I had quite a few back and forths with her publicist and finally settled on e-mailing her a list of questions though I was vocal about reserving the right to set up a follow-up phone interview if I sensed the answers had been buffed and polished by a publicist.
But I don't think they were. I've edited here for brevity and grammar but the rawness of the exchange and the number of personal asides and digressions convinced this former copy editor that the exchange, and maybe even the woman, was genuine. (Yes, her ever-present husband Simon van Kempen answered as well, but I probably should have expected that, considering their tendency to be joined at the hip was the source of some controversy on the show).
Check it out.
Your press release talks about providing positive outlook and education for families similar to yours. Doesn't your affluent lifestyle makes you dissimilar from most families?
A: My family always emphasized that your attitude and values in life shouldn’t be affected by the amount of zeros in your bank account. If the amount of money you have affects your personality, I certainly wouldn’t want to be your friend! I think most people share similar desires. They want to do a good job raising their children, to give them a good education, to set them up to be critical thinkers and capable of navigating life successfully on their own.
S: A positive outlook and education do not run hand in hand with an affluent lifestyle. As a young boy growing up in Australia we were anything but affluent but richer than almost everyone when it came to the important things in life. Almost 40 years later I find myself struggling to teach my children that money is NOT the be all and end all. It sure does help but it is not the most important of life’s goals.

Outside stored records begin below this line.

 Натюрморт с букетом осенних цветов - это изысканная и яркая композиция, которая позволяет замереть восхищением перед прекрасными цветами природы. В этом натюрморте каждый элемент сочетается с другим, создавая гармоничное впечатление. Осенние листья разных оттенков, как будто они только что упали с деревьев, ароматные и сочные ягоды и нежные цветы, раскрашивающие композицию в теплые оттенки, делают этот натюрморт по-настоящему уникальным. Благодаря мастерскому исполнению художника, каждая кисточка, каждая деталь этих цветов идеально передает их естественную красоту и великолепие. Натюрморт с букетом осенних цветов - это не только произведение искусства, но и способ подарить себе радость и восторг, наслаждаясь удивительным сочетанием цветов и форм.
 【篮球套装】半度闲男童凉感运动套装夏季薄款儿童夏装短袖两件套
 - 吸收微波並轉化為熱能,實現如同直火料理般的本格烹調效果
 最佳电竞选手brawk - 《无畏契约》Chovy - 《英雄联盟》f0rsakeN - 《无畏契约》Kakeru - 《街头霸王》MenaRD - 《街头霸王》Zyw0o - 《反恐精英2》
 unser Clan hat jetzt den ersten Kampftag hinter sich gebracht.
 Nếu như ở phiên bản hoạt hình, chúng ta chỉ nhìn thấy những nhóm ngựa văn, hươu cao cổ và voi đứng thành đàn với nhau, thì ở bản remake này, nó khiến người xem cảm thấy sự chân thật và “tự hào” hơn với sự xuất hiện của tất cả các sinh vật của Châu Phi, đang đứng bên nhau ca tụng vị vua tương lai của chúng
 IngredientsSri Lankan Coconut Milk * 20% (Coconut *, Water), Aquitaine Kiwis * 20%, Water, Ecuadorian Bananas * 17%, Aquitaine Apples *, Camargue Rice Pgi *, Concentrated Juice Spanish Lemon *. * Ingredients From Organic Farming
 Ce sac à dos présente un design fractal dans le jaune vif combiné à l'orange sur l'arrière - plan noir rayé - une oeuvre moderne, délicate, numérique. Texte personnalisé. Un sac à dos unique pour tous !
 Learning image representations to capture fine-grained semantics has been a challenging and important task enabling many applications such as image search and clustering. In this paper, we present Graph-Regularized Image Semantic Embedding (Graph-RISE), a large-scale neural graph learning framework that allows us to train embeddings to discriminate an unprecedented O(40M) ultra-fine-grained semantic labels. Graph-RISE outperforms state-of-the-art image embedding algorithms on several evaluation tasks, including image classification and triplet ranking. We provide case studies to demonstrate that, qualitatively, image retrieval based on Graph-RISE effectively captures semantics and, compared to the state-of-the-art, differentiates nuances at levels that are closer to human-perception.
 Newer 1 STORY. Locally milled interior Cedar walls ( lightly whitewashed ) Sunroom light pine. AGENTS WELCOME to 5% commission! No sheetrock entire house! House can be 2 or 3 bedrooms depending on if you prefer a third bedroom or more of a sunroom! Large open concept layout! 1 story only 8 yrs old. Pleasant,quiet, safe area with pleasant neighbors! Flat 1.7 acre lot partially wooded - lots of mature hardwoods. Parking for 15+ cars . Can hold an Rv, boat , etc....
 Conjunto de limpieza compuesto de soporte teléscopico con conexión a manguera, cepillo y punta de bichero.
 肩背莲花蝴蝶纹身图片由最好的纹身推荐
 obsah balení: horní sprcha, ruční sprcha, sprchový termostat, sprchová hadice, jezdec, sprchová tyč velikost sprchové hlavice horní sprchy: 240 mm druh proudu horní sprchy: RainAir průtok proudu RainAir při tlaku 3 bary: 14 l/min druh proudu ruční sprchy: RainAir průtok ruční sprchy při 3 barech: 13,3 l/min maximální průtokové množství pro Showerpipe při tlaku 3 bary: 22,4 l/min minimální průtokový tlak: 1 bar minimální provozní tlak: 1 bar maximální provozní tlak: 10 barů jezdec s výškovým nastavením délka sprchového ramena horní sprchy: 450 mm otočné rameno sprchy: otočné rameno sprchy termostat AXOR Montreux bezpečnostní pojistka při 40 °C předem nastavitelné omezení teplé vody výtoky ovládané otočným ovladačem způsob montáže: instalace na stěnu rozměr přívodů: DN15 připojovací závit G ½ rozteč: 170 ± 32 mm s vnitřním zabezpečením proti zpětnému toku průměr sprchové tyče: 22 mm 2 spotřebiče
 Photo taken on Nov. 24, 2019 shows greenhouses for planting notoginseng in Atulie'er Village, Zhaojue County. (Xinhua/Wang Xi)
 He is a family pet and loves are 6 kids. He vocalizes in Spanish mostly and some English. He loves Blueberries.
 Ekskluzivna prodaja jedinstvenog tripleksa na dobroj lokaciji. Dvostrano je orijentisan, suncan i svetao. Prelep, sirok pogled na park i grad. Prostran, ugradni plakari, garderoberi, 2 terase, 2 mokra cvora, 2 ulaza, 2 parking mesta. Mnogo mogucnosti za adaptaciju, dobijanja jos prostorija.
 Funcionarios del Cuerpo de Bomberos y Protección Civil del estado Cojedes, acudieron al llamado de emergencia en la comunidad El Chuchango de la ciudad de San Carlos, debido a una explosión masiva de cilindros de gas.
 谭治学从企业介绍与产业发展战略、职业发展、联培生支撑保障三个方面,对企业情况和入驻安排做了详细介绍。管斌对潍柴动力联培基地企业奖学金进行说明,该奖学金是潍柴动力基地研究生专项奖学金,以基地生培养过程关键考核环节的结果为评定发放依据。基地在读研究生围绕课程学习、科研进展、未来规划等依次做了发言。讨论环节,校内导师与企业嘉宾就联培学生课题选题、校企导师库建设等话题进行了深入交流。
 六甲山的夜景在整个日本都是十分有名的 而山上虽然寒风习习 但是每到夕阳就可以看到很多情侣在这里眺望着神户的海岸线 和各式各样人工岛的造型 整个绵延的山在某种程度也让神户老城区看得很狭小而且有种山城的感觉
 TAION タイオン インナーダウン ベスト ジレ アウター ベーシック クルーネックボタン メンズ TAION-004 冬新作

Can you talk about the challenges of parenting in New York City as opposed to somewhere else? Can you share with me some specific examples of parenting challenges you've faced that have changed your way of thinking or produced unique insights?
A: Well, our kids haven’t had the chance yet to grow vegetables in a garden, milk a neighbor’s cow, help pull snakes out of an oil drum in winter or (really) ride a horse, all of which I’d done by the time I was François’ age. However, he has been to the Museum of Natural History, on the Ferris Wheel at Coney Island and to dinner at the 21 Club (ahem:)). We’re luckier than some NYC parents as we do have a house and a backyard, where the kids can pitch a tent, swim in a pool and have a swing set. We still lived in a co-op when François was born, and it was much more of an effort to get him outside in fresh air every day as opposed to opening the back door and letting him run outside.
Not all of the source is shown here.